用心すべき? 恋人のパスワード、多くの人が5回以内の突破に自信...米調査
何回試せば恋人のパスワードを推測できるか尋ねると、平均は5回だった...... tsingha25-iStock
<パスワードで保護しても、安全とは限らない...>
本人が秘密にしていることほど、周囲の人々はなんとなく察していることがある。オンラインの活動を守る砦であるはずのパスワードも、意外とパートナーには筒抜けなのかもしれない。
米認証サービスのプルーブは、市場企業会社の米ワン・ポールと共同して行った調査結果として、「2022年パスワード&認証 消費者トレンド・リポート」を発表した。それによると人々は、平均で5回ほど試行すれば恋人のパスワード認証を突破できると考えているという。
調査は2000人のアメリカ人を対象に行われた。質問項目の一つとして、何回試せば大切な人(通常、配偶者または恋人を指す)のパスワードを推測できるか尋ねたところ、平均は5回だったという。
回答者は、実際にパスワード破りを実証したわけではない。しかし、5回という低い平均値から、多くの人々が恋人のパスワードについてある程度推測をつけていることが伺える。
米紙「パスワードを変えるべき時がきた」
仮に何のヒントもなく完全にランダムなパスワードを当てようとした場合、たとえばiPhoneのロックで一般的に使われている数字6桁のパスコードでは、10万通りが存在する。各種サイトのログインに使われる8桁のパスワードともなると、一例として大文字・小文字を区別する英数字8桁のものでは、あり得るパスワードの数は200兆通りを超える。
こうしたなか、多くの人々が5回以内での推測に自信を示したという調査結果は、恋人や配偶者のパスワードについてある程度あたりがついていることを物語っている。
調査結果を受けてニューヨーク・ポスト紙は、「ほとんどの人々が、パートナーのパスワードをたやすく破れると述べている」「今回の新しい調査結果を読んで、あなたのパスワードを変更すべき時がきたのかもしれない」と報じた。
米MSNは、プルーブ社のロジャー・デザイCEOのコメントを引用している。
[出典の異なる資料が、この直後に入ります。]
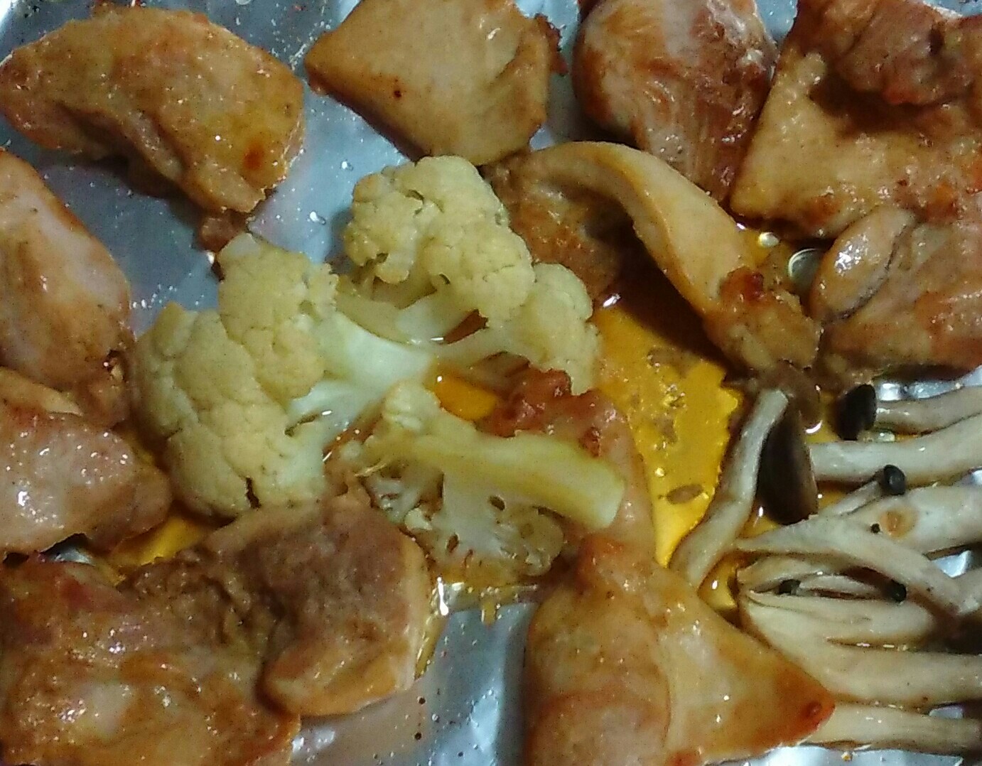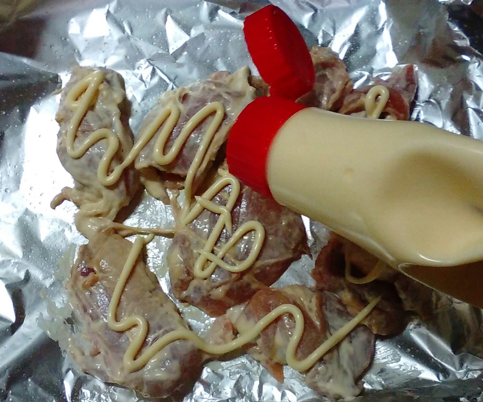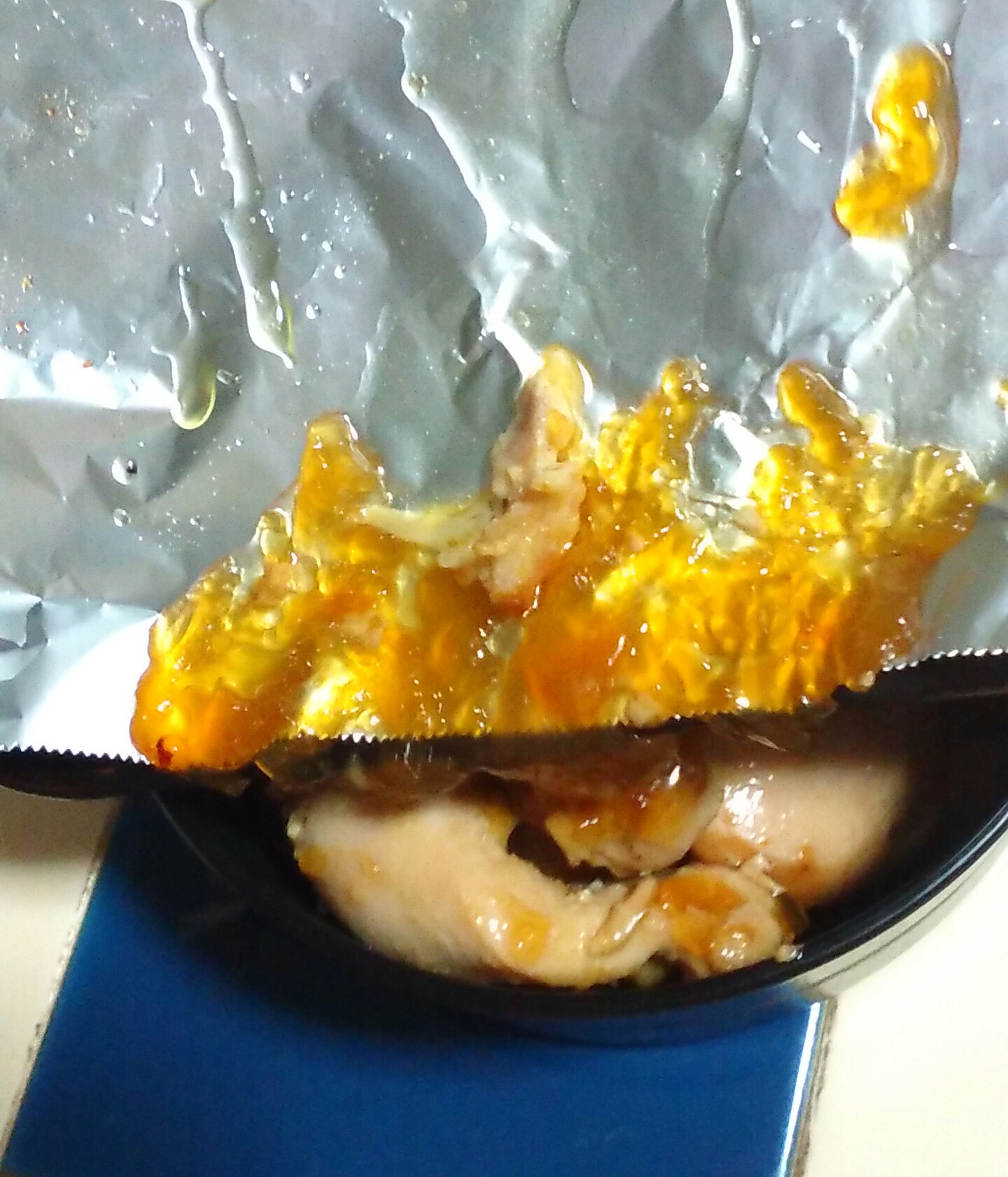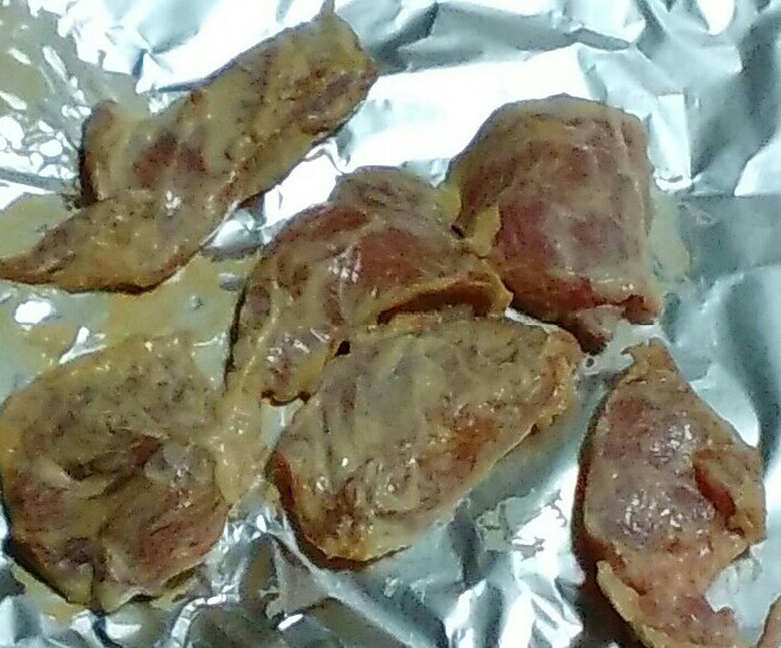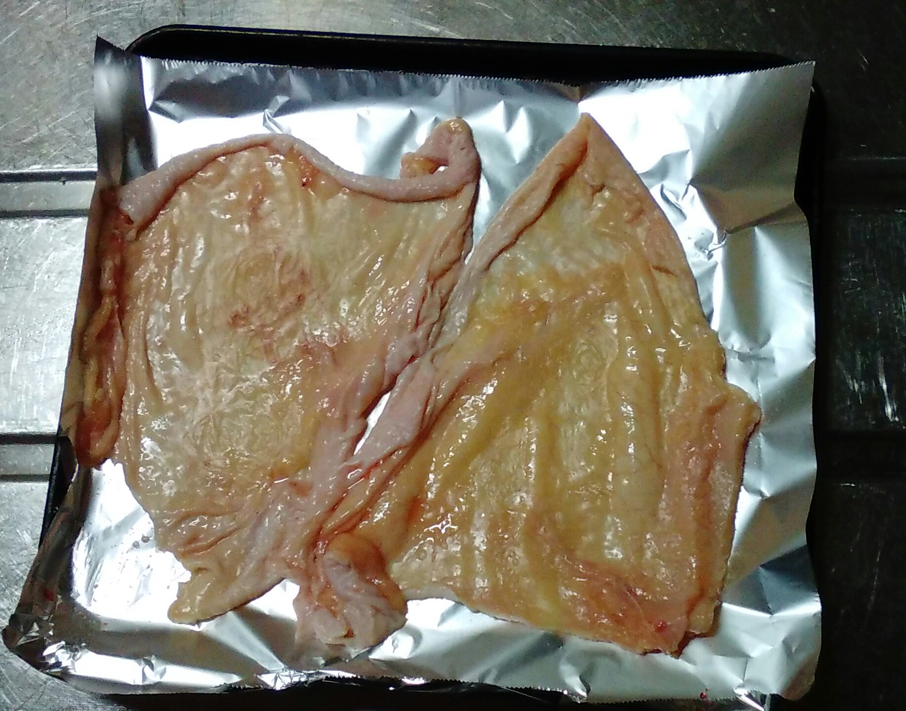 ②オーブントースター用の鉄板にくっつかないホイルを敷き、下味をつけた鶏を拡げる。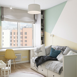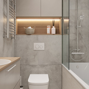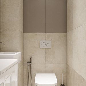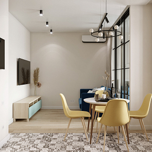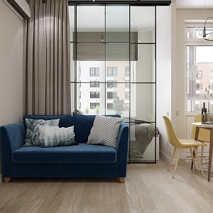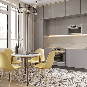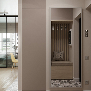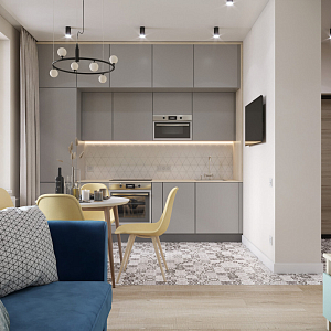 Интерьер гостиной с панно за телевизором, стеной с телевизором, телевизором на рейках, телевизором на стене и керамогранитом на стену с телевизором в современном стиле, проект «Ильинские луга» №29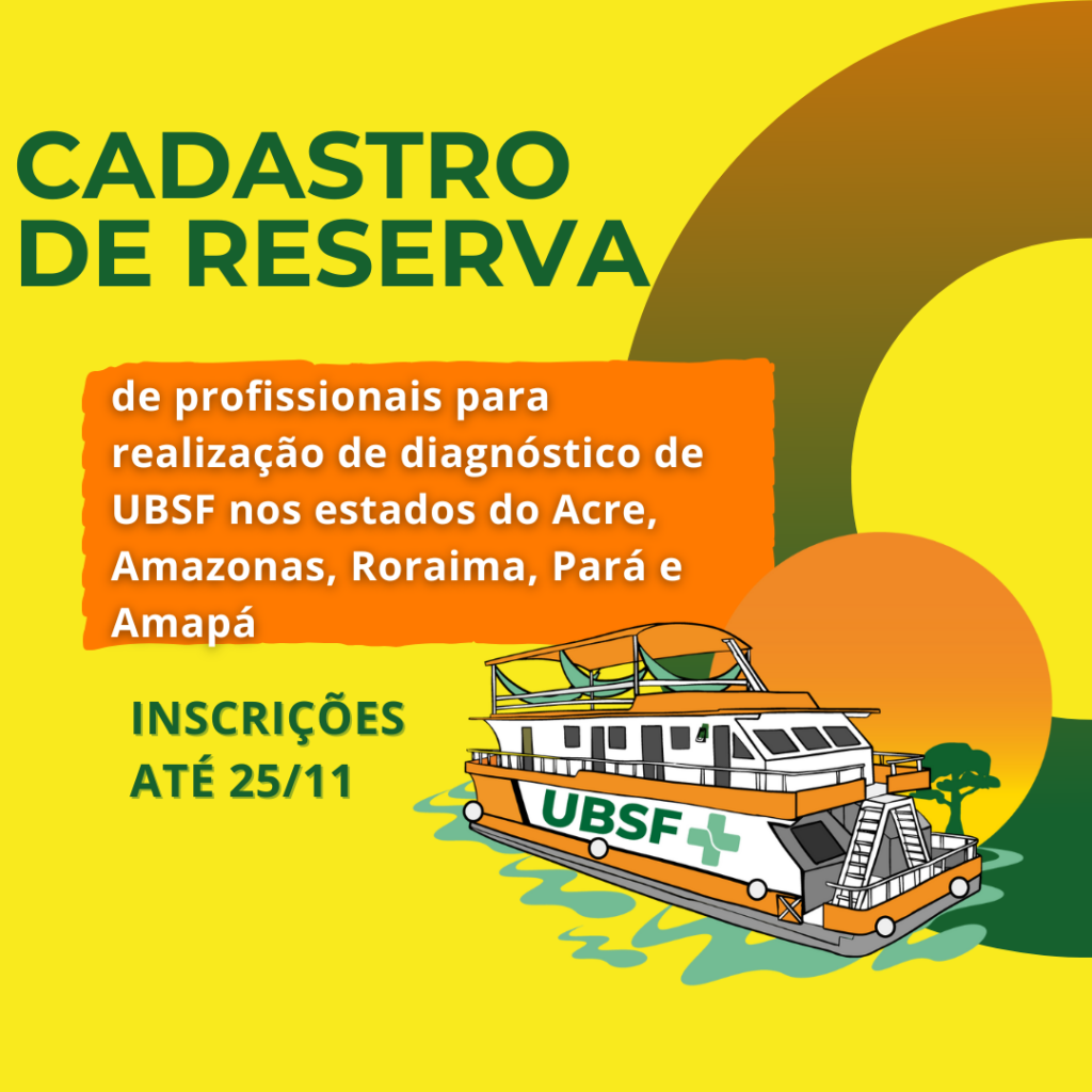 Edital para cadastro de reserva de profissionais para realização de diagnóstico de UBSF nos estados do Acre, Amazonas, Roraima, Pará e Amapá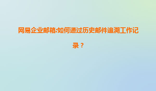 2025-07-17網(wǎng)易企業(yè)郵箱:通過歷史郵件高效追溯工作記錄 為什么需要追溯歷史郵件? 在日常工作中,員工經(jīng)常需要查找過去的郵件記錄來完成某項任務,或是確認某個項目的細節(jié)。特別是在處理重要文件、...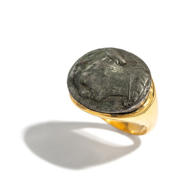 A Roman Bronze Bezel with a Female Portrait Head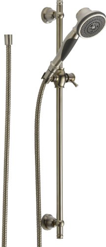 Color:Stainless Product Description The Delta OTHER 57021 Slide Bar Hand Shower with teapot styling coordinates brilliantly with traditional motifs like those of the Victorian, Lockwood, Orleans, and Leland collections. This attractive hand shower features massaging, soft drench, and full-body sprays at 2.5 GPM and comes with a 69-in. Ultraflex hose and mounts to a 24-in. long wall bar with adjustable slide for short and tall bathers. Product Specifications Valve Type: Dual check Flow Rate (GPM): 2.5 About Your Other Warehouse LLC Your ''Other'' Warehouse (YOW) is the premier master distributor serving kitchen and bath dealers and showrooms with more than 450,000 decorative faucets, fixtures, and accessories topped with best-in-class customer service. YOW's plan is simple: The company is absolutely committed to a standard it calls ''exactly right'' - exactly what you want, exactly when you need it, and exactly how you want to be treated. 2-hole wall-mount installation. Long-lasting brass construction. Touch-clean spray nozzles. 3 spray settings. Includes 24-in. slide bar and 69-in. hose. Available in a variety of color options. From the Manufacturer Add convenience and elegance with a Delta handshower. You'll find it's the perfect complement to any shower.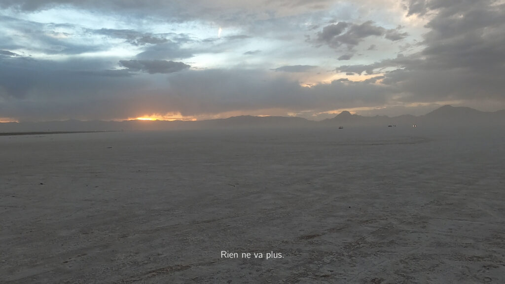 Filmed at the Bonneville Salt Flats, the dried remains of an primeval lake – today, a vast salt desert, which serves as a land-speed-record test ground and for mining salt and using my shadow and a butterfly (Colias philodice) as motifs, the video explores concepts of the here and now, the there and then, the relationship of change and time and one’s own mutable standpoint in in a world that is undergoing devastating changes due to human influences, and so touches upon the human made climate catastrophe through an intra- and intertextual elliptical narrative carried by a voice-over and sounds generated by a text-to-sound-program as well as animated subtitles.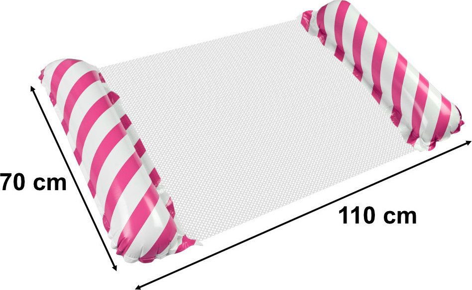 Relaxační matrace jistě zpříjemní váš bezstarostný čas u vody. Můžete se na ní pohodlně usadit nebo se vznášet nad vlnami. Stabilní síťovaná základna a nafukovací boční opěradla poskytují naprosté pohodlí a umožňují vám plně si vychutnat letní atmosféru. Ať už dáváte přednost aktivnímu odpočinku nebo pohodovému opalování, tato nafukovací bazénová matrace jistě splní vaše očekávání. Lze ji také použít jako tréninkovou podložku v bazénu, protože má vztlak až 70 kg. Kontrastní bílé a růžové pruhy poskytují komplexní podporu během plaveckých cvičení. Toto plovoucí bazénové křeslo stojí za to vzít si s sebou jak k moři, tak k bazénu. Je lehké a kompaktní, jistě najde místo v mnoha batozích nebo kufrech. Matrace po vyjmutí z vody velmi rychle schne a její charakteristický tvar umožňuje rychlé složení a umístění do zavazadla.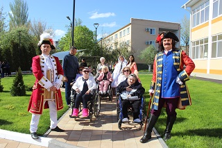 Почетные гости и друзья учреждения, пришедшие на праздник, с удовольствием прогулялись по благоустроенной территории дома-интерната и смогли сфотографироваться с персонажами эпохи императора Петра Первого и императрицы Екатерины Второй, положивших начало развитию в России системы социальной защиты. На большом экране, установленном на импровизированной концертной площадке, демонстрировались сюжеты о деятельности и достижениях учреждения.
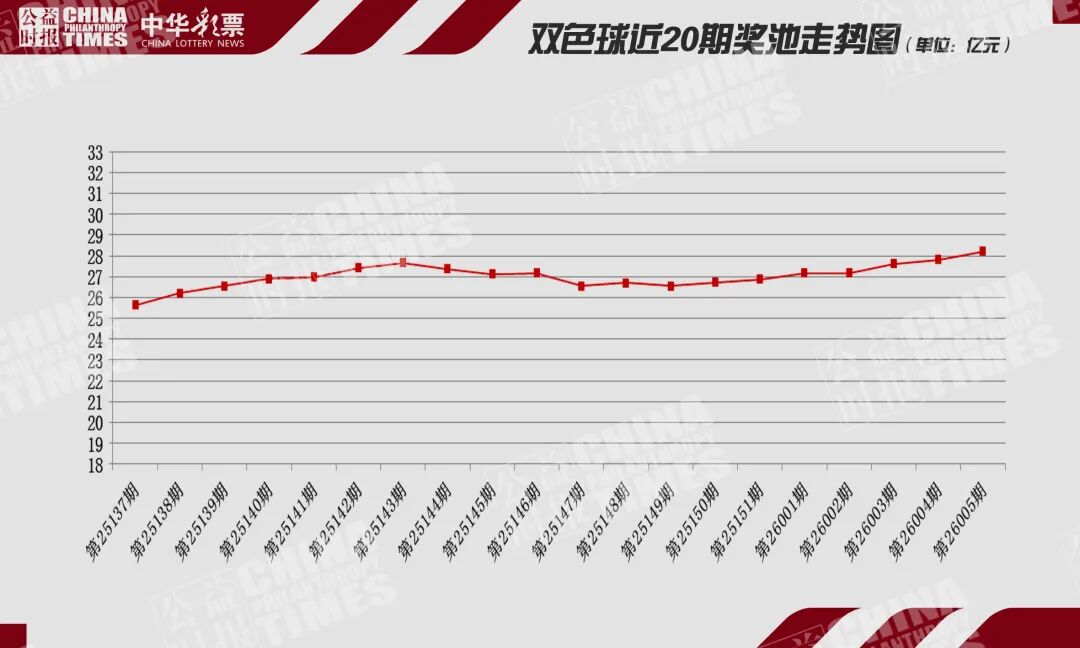该周的双色球第一期(2026003期)开奖中,一等奖共产生3注,奖池小幅增长,增至27.61亿多元;第二期(2026004期)一等奖中出4注,奖池持续蓄水,达27.82亿多元;该周第三期(2026005期)一等奖继续开出4注,双色球奖池继续蓄积,最终停留至28.21亿多元。

デザイ氏は、多くのサービスではパスワードを忘れると面倒な手続きが必要なしくみになっており、人々はこれを嫌って同じパスワードを使い回しがちになっていると説明している。
氏は、「インターネットはセキュリティを念頭として設計されませんでした」と述べ、パスワード忘れでオペレーターと20分も通話するようなしくみは「崩壊したモデルをダクトテープで補修しているようなものです」と指摘する。
なお、同社はパスワードや2段階認証を必要としない生体認証のプラットフォームを開発している。これをアピールするねらいも多分にあるだろう。
恋人のパス破りに自信をみせた回答者たちでさえ......
氏の解説には一定の自社PRも含まれていそうだが、とはいえパスワードの使い回しは、セキュリティ上の深刻なリスク要因だ。上記調査で恋人のパスワードを容易に破れると回答した人たちでさえ、自身のパスワード管理を問われると、かなりお粗末な状況を露呈している。